Normallyh, the best way to do that on *NIX is with lsof. Much to my chagrin, it was not available on the OS… so I had to go grab it. Thankfully I had the main filesystem on a different partition that still had enough space to install more tools! Once lsof was installed, grep through the list of open file handles and find those marked for delete.. and those are the processes that have handles pointing to those files. However, this didn’t help me with Rasperian Jessie.

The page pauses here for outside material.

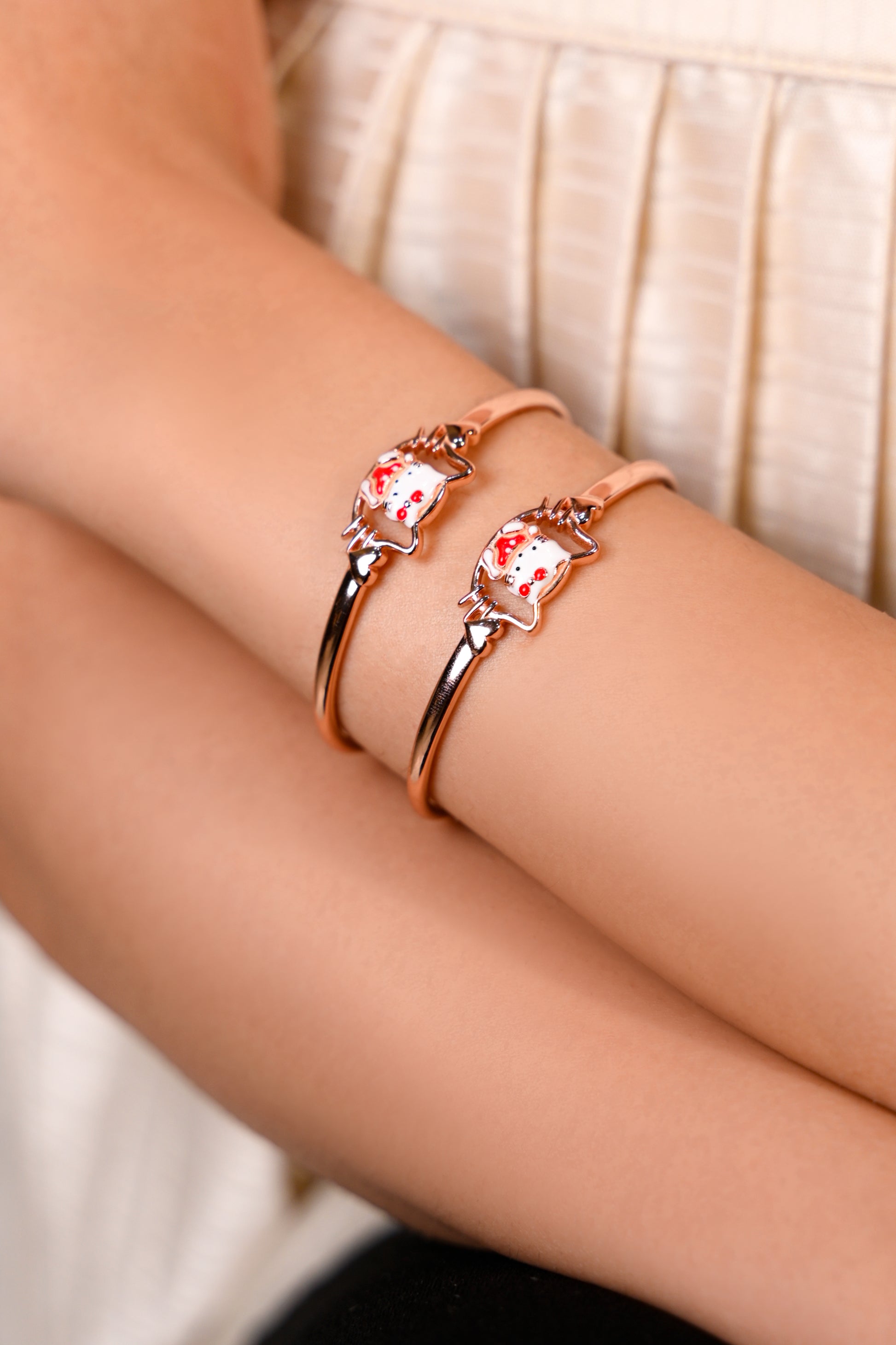 A delightful blend of charm and elegance, the Lucky Kitty Charm Bangle brings a playful spirit to your jewellery collection. Featuring an adorable enamelled kitty motif with sparkling accents, this bangle captures the joy of good fortune and gentle whimsy.

I know that a reboot will recover the space so.. that was the next step.. a brutal warm-boot.
root@raspberrypi:/var/log# lsof
-su: lsof: command not found
root@raspberrypi:/# apt-get install lsof
Reading package lists... Done
Building dependency tree
Reading state information... Done
The following extra packages will be installed:
libperl4-corelibs-perl
The following NEW packages will be installed:
libperl4-corelibs-perl lsof
...
root@raspberrypi:/var/log# lsof | grep deleted
root@raspberrypi:/var/log#
root@raspberrypi:/var/log# init 6
Archiving Massive SQLite Database
The first thing was to move aside the current database, and then restart stratux to verify it can created a new empty database for it’s purposes.. then shut it right back down again.

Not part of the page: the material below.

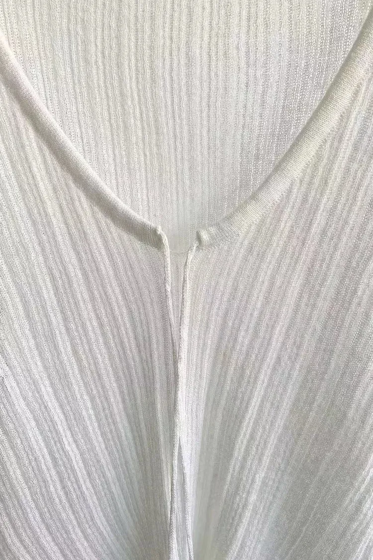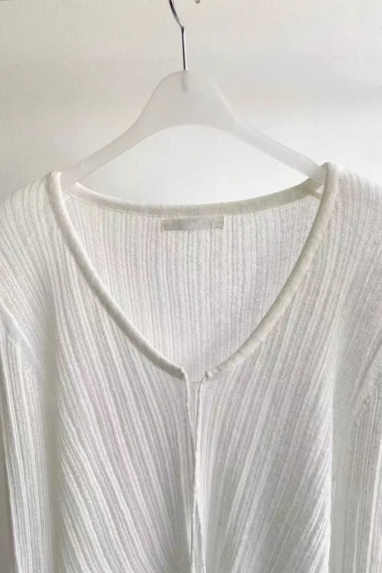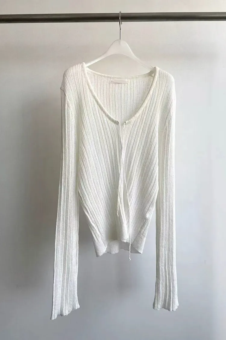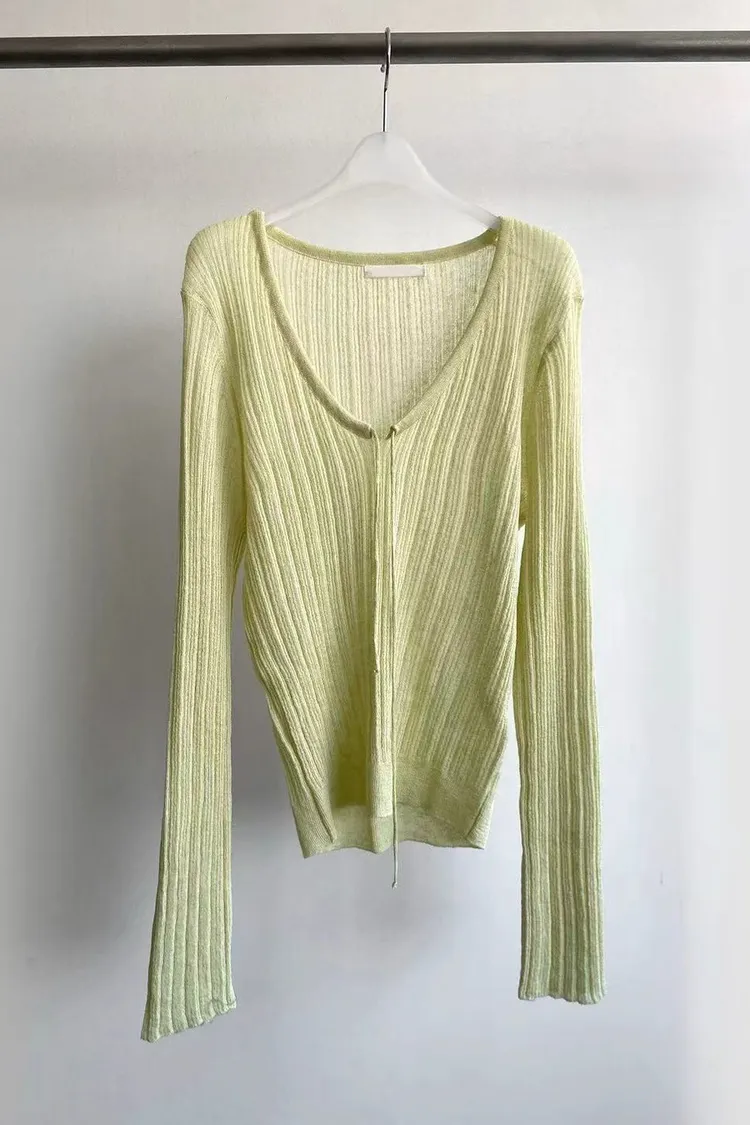 正韓女裝 低領螺紋長袖 落肩透膚針織衫

root@raspberrypi:/var/log# mv stratux.sqlite stratux.sqlite.1
root@raspberrypi:/var/log# service stratux start
root@raspberrypi:/var/log# ls -l
total 7291480
[...]
-rw-r--r-- 1 root root 4096 Apr 30 14:27 stratux.sqlite
-rw-r--r-- 1 root root 7466160128 Apr 30 14:24 stratux.sqlite.1
[...]
root@raspberrypi:/var/log# service stratux stop
A new empty database file has been created [ 4096 Apr 30 14:27 stratux.sqlite ]. This tells me that moving aside the current database file on a periodic basis, compressing and then archiving it should be sufficient to maintain operational status.
Logging Insanity
Before restarting Stratux, I zerod out these log files. Running for first a few moments these files were already reading up a lot of space. Tailing one of them I see that Stratux, with my current settings is logging A LOT of data to these log files. I feel this was my first error.. enabling too much logging. My settings look like this:
With those settings enabled, there are a lot of GPS and other events that I don’t really have a use for, being dumped into the Statux log.
-rw-r--r-- 1 root root 1361778 Apr 30 14:39 stratux.log
Turning OFF ‘Verbose Message Log’ made that insanity stop.
Replay logging is what is writing to the SQLite database. So the question is. how much of that data do I want to keep, and how much will I lose if I turn off the replay logs. I think that will be research for another day… right now the goal is to recover disk space by compressing the massive database file that was moved aside, and get Stratux stabilized again. Once compressed, check filesystem and file size!
root@raspberrypi:/var/log# gzip stratux.sqlite.1
root@raspberrypi:/var/log# df
Filesystem 1K-blocks Used Available Use% Mounted on
/dev/root 1815440 1392384 330064 81% /
devtmpfs 469688 0 469688 0% /dev
tmpfs 474004 0 474004 0% /dev/shm
tmpfs 474004 12272 461732 3% /run
tmpfs 5120 4 5116 1% /run/lock
tmpfs 474004 0 474004 0% /sys/fs/cgroup
/dev/mmcblk0p4 8125880 681792 7008276 9% /var/log
/dev/mmcblk0p1 61384 20400 40984 34% /boot
root@raspberrypi:/var/log# ls -lktr --color --block-size=M stratux.sqlite*
-rw-r--r-- 1 root root 643M Apr 30 14:24 stratux.sqlite.1.gz
-rw-r--r-- 1 root root 8M Apr 30 15:21 stratux.sqlite
-rw-r--r-- 1 root root 1M Apr 30 15:22 stratux.sqlite-shm
-rw-r--r-- 1 root root 5M Apr 30 15:22 stratux.sqlite-wal
With the file compressed, it could be copied elsewhere for analysis.